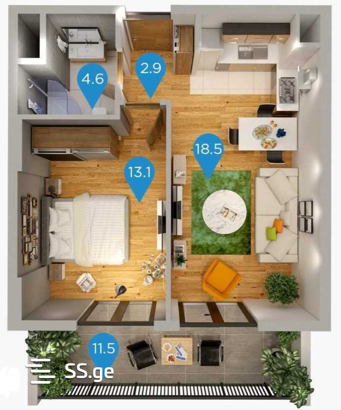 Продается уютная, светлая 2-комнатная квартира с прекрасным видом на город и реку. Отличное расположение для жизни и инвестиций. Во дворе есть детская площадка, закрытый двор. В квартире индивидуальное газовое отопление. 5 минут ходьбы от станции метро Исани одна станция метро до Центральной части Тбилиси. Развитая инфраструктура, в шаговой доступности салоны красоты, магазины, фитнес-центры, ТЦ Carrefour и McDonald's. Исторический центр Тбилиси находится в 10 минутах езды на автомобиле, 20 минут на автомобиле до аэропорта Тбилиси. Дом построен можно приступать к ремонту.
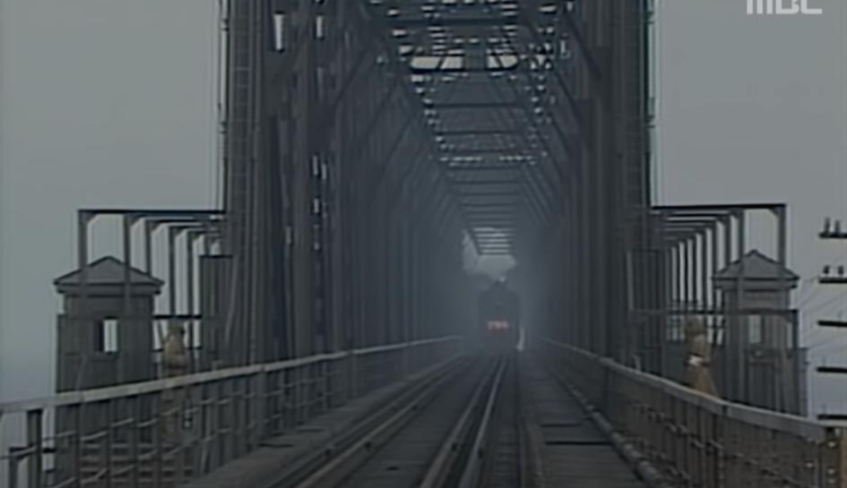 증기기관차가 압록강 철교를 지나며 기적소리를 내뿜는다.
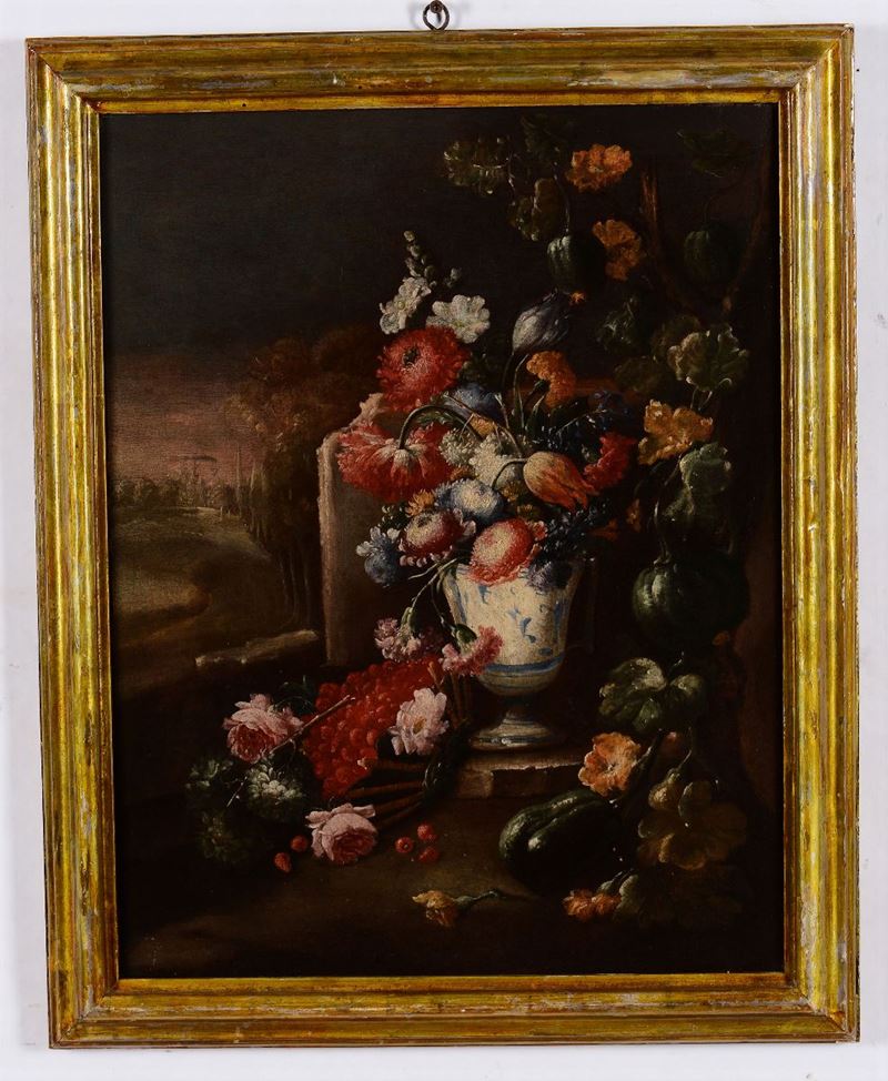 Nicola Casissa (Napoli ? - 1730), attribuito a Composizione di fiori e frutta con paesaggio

· · · ·

* [TASK TO CARRY OUT]:
Would you return the data above exactly as written, minus the images?

* [REPLY TO THE EXERCISE]:
 Продается уютная, светлая 2-комнатная квартира с прекрасным видом на город и реку. Отличное расположение для жизни и инвестиций. Во дворе есть детская площадка, закрытый двор. В квартире индивидуальное газовое отопление. 5 минут ходьбы от станции метро Исани одна станция метро до Центральной части Тбилиси. Развитая инфраструктура, в шаговой доступности салоны красоты, магазины, фитнес-центры, ТЦ Carrefour и McDonald's. Исторический центр Тбилиси находится в 10 минутах езды на автомобиле, 20 минут на автомобиле до аэропорта Тбилиси. Дом построен можно приступать к ремонту.
 증기기관차가 압록강 철교를 지나며 기적소리를 내뿜는다.
 Nicola Casissa (Napoli ? - 1730), attribuito a Composizione di fiori e frutta con paesaggio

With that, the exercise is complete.